StPO § 147
Leitsatz
Das Akteneinsichtsrecht erstreckt sich nicht nur auf sämtliche Unterlagen der Verwaltungsbehörde, die zu den Akten genommen worden sind, auf die der Vorwurf in tatsächlicher und rechtlicher Hinsicht gestützt wird, sondern auch auf alle sonstigen verfahrensbezogenen Vorgänge, die möglicherweise bedeutsam für das Verfahren sind.
AG Jena, Beschl. v. 9.10.2015 – 3 OWi 1534/15
Sachverhalt
Das AG Jena hat die Thüringer Polizei – Zentrale Bußgeldstelle – gem. § 62 OWiG angewiesen, dem Betroffenen über seinen Verteidiger antragsgemäß in vollem Umfang ergänzende Akteneinsicht zu gewähren.
2 Aus den Gründen:
"Dem Betroffenen eines Bußgeldverfahrens steht ein umfassendes Akteneinsichtsrecht zu, das i.d.R. gem. §§ 147 StPO i.V.m. 46 Abs. 1 OWiG über seinen Verteidiger ausgeübt wird. Dieses Recht ist, sofern die Ermittlungen förmlich abgeschlossen sind (§§ 169a, 147 Abs. 2 StPO i.V.m. § 46 Abs. 2, 61 OWiG), zwar nach Ort, Zeitpunkt und Dauer der Einsichtnahme modifizierbar, hinsichtlich seines Umfangs aber weder eingeschränkt noch beschränkbar (vgl. BVerfGE 62, 338)."
Das Einsichtsrecht erstreckt sich dabei nicht nur auf sämtliche Unterlagen der Verwaltungsbehörde, die zu den Akten genommen worden sind, auf die der Vorwurf in tatsächlicher und rechtlicher Hinsicht gestützt wird, sondern auch auf alle sonstigen verfahrensbezogenen Vorgänge, die möglicherweise bedeutsam für das Verfahren sind. Dazu gehören insb. Auszüge aus dem Verkehrszentralregister, aber auch Ton- oder Bildaufnahmen, die ggf. auf eine vom Verteidiger einzusendende Leerkassette bzw. Diskette zu überspielen sind (vgl. Göhler, OWiG, 14. Aufl., § 60 Rn 49 ff.).

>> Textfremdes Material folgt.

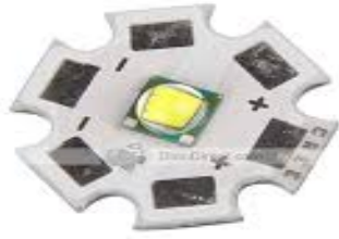
White LED used in lighting industry
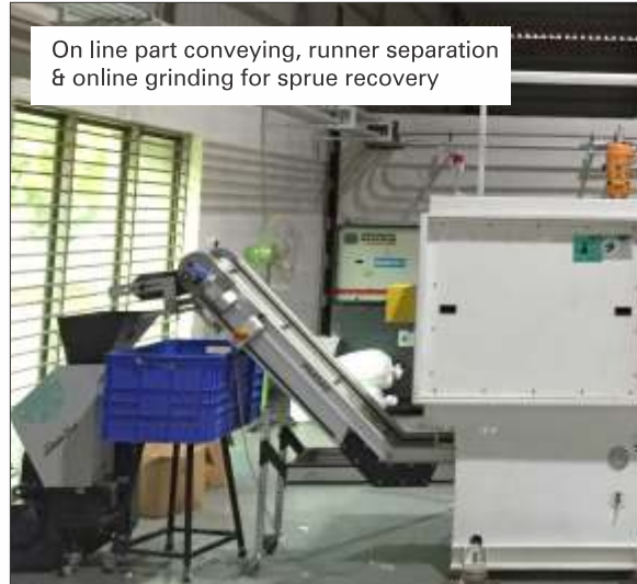
On line part conveying, runner separation & online grinding for sprue recovery

Prasad Group has range of conveyor belts to offer exact solution for Part handling & automation in IMM & BMM. These conveyors with auxiliaries like Carousels & separators are manufactured in India in joint venture with CRIZAF SP - Italy.
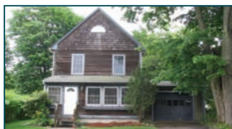
This 2,232 sq. ft. 3-4 bedroom home is on a 1/4 acre lot in the heart of the village.

OPEN HOUSE SUNDAY, 1 P.M. - 3 P.M. 63 HOWLAND AVENUE $499,000
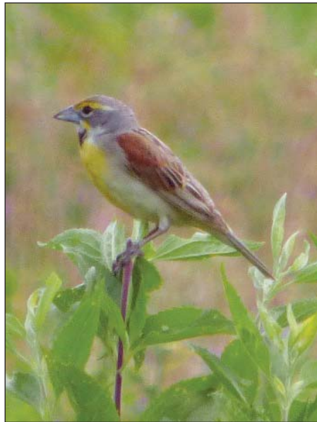
Male Dickcissel at Dorbrook Rec. Area

Last summer the MCAS board was alerted to a change in mowing practices at this location, which raised concerns about the nesting Grasshopper Sparrows.

Eine weitere Einschränkung des Einsichtsrechts – wie teilweise in der Literatur vertreten z.B. in Bezug auf Eichurkunden, Lebensakten von technischen Messgeräten, Lehrgangsbescheinigungen des Messpersonals usw. (so Göhler, a.a.O. – ohne weiteren Nachweis) kommt nach Überzeugung des Gerichts angesichts der verfassungsrechtlichen Bedeutung der Gewährung des rechtlichen Gehörs nicht in Betracht. Die genannten Unterlagen sind – sofern sie im konkreten Fall vorhanden sind – grds. zur Beurteilung der Erfolgsaussichten eines etwaigen Einspruchs erforderlich und somit dem Betroffenen bzw. seinem Verteidiger zur Kenntnis zu geben, und zwar unabhängig davon, ob sie bereits Teile der Akte sind (so auch AG Bad Kissingen zfs 2006, 706).
Die Kostenentscheidung beruht auf § 46 OWiG, § 467 StPO.“
Mitgeteilt von RA Christian Zinzow, Pirmasens
3 Anmerkung:
Die Entscheidung enthält in knapper Form genau das, was der Verteidiger im Verwaltungsverfahren erwarten darf: vollständige Einsicht in die Akte und alle sonstigen Bestandteile, die dazu dienen können, den dem Betroffenen gemachten Vorwurf zu prüfen. Ob das dann auf § 147 StPO oder (ergänzend) auf Art. 6 EMRK zu stützen ist, kann letzten Endes nicht ausschlaggebend sein.